I argue that the rise of women’s status throughout the 20th century has created a bitter resentment in the masculine psyche. Men have watched their once-unquestioned authority withered to virtually nothing in the wake of modern feminism and gender politics. This resentment has born in men a spirit of negation that sharply characterizes contemporary masculinity. A negation of what? — of everything redolent of traditional femininity.

In the effort to secure their own sense of turf, and to prove that there are still manly qualities by which men can compare themselves with each other, the Cult of the Slob has developed. This premise, upon which 90 percent of television sitcoms are based, is that men are uncultured boorish louts and that women are forced to love them anyway because at least these smelly curs are better than the available alternatives. Men today revel in their lack of manners, their inability to pick out their own clothes without the help of a maternal woman, their incomprehension of interior decorating, and their utter dread of being dragged to the opera. Manners, taste and style are things for women. Men prefer football, beer and breaking wind.

We need only look at our contemporary film icons to see the war against refinement. Among the Ramboes, Terminators and Die-Hard action heroes, there is only remaining matinee idol who can be said to embody “feminine” traits: James Bond. Polished, elegantly dressed, a connoisseur of food and wine, well-mannered and charming, Bond is the last dashing action hero, whose lineage goes back to Valentino and Erroll Flynn. And it is no coincidence that he was created before the modern women’s movement and that he is British.

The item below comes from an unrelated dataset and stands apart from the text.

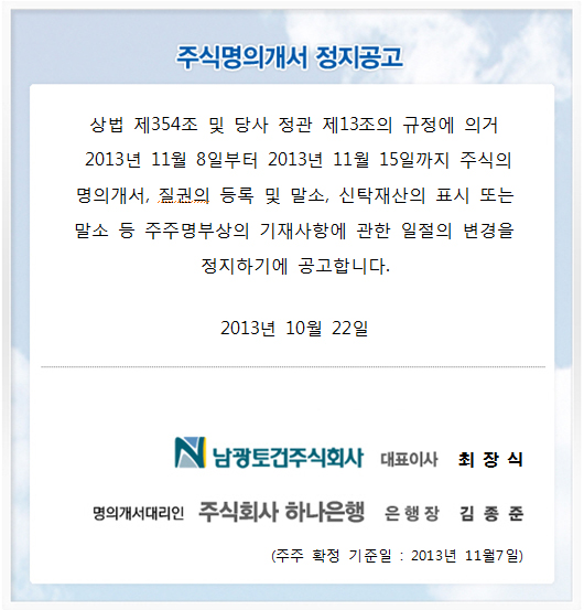 주식명의개서정지 공고 첨부이미지 : 20131022.jpg

Thus while an upper-class Victorian bachelor, because he lived in a patriarchal society, could have taken care in his dress, chosen fresh flowers for his apartment, collected fine China and gone to the ballet without any question of his manhood, today’s cultured sophisticate faces constant scrutiny of his sexuality if he exhibits the same qualities.

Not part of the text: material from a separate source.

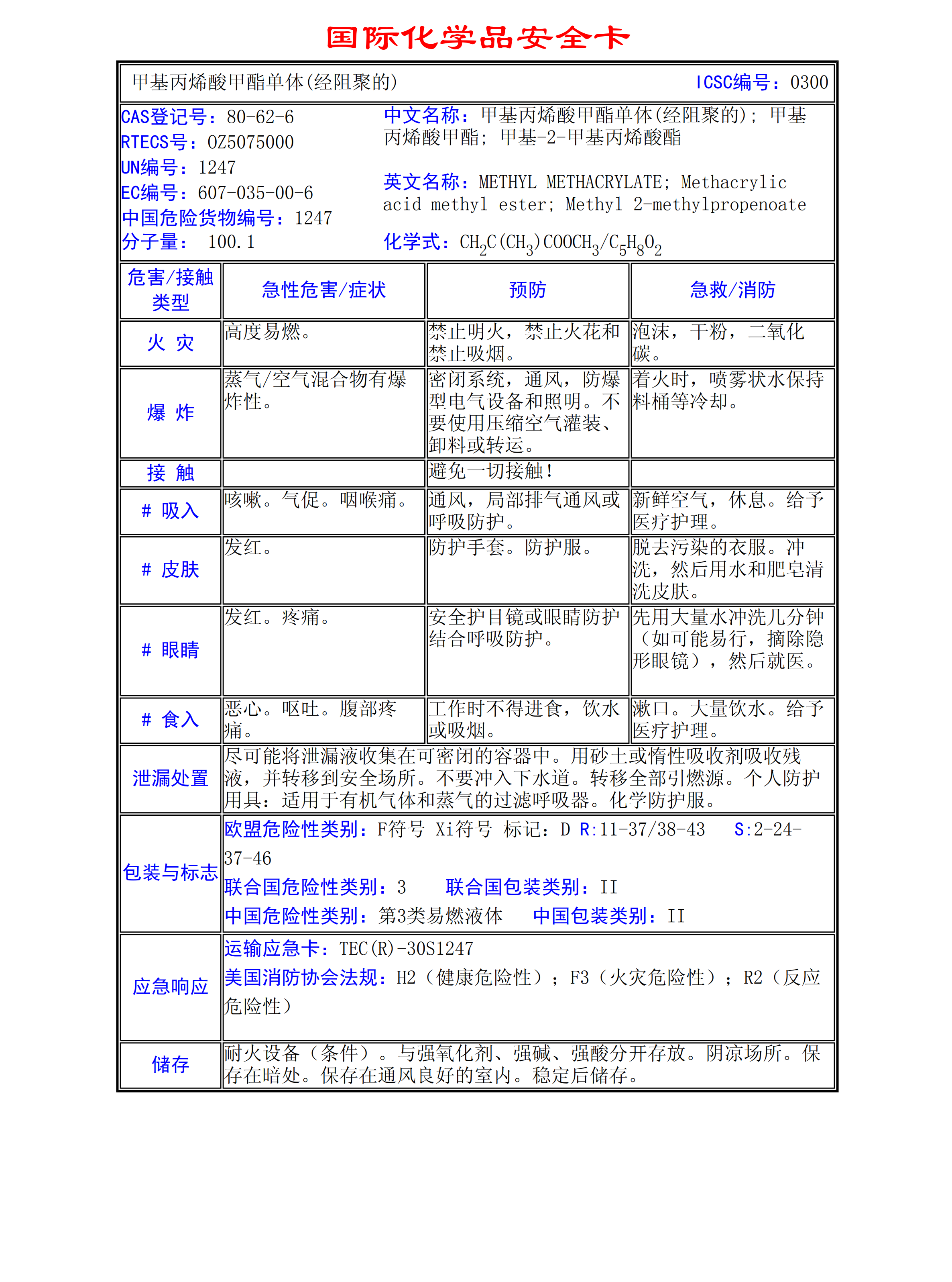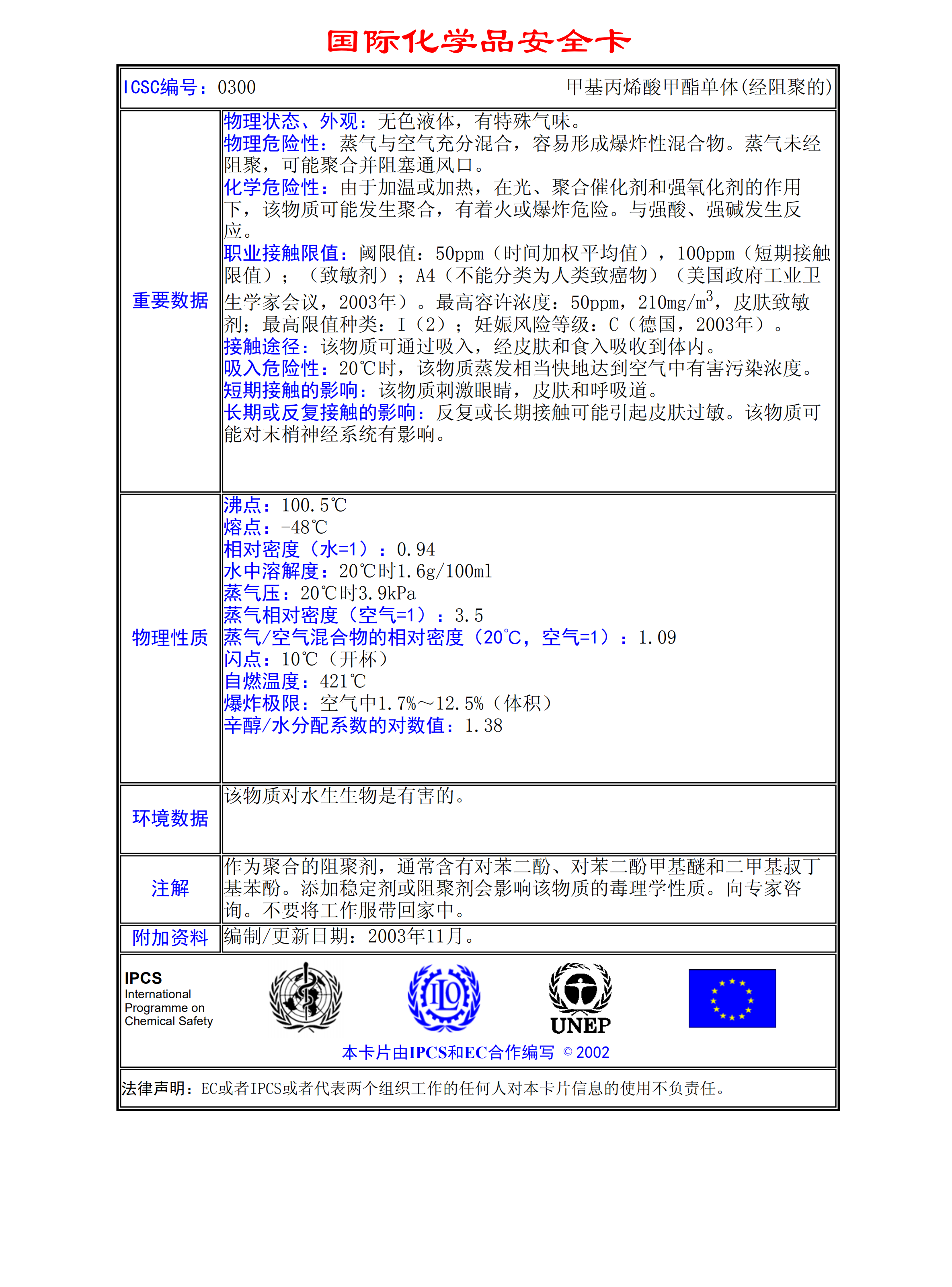 甲基丙烯酸甲酯單體(經阻聚的)MSDS

As a result of this dumbing-down of contemporary masculinity, gay men found the dandy persona to be the most viable — and enjoyable — alternative to status-quo heterosexual manhood. In the effort to differentiate themselves from the heterosexual majority, many gays create a cult of exquisite taste, high fashions and high manners that trumps the boorish notion of manhood sustained by the dominant heterosexual middle-class.

In March 1998, Forbes ran an article on the invasion of New York by dapper British tailors such as Richard James, plus the sudden sprouting up of new haberdasheries such as Turnbull & Asser and Holland & Holland. The article was entitled, with a typical malapropism, “The return of dandyism.”

While we will have to wait and see if a cult of self-made aristocrats truly manifests itself, there is evidence that men are attempting to cultivate a more traditionally masculine image as a reaction to postmodern feminism. The cult of the cigar — with all of its costly accoutrements and black tie events — has been one of the more visible signs of a return to manly pursuits and sartorial elegance in the 90s.

Among the younger set, New York and San Francisco have become major locations for the return of swing music and dance. Now, one could argue that today, every social sphere — from techno nightclubs in Fort Lauderdale to posh Manhattan cocktail parties — has the room’s most beautiful women as its stars. These are the ones everybody is looking at: the men with desire, the women with jealousy. But the retro swing scene is a social sphere in which the star is not the beautiful babe, but the cool male hepcat. Girls of the scene may look impeccable in their vintage dresses and hairstyles, but the prime guys greatly surpass them in ornamental splendor. Dig the swingin’ hepcat in his killer-diller suit, his two-tone shoes, his hat, vest, miles of silver chain dangling down his thigh, and occasionally his walking stick or boutonnière. The male struts his stuff around the club while the females stand and watch hoping he will ask them to dance.

This gives the entire swing scene a dandyish aura, as it has as its focal point a cult of masculine hipness: the cool talkin’, stylish dressin’ guy who actually knows his cocktails, his jazz, and how to dance. And not surprisingly, it is a scene that takes its inspiration from pre-feminist days.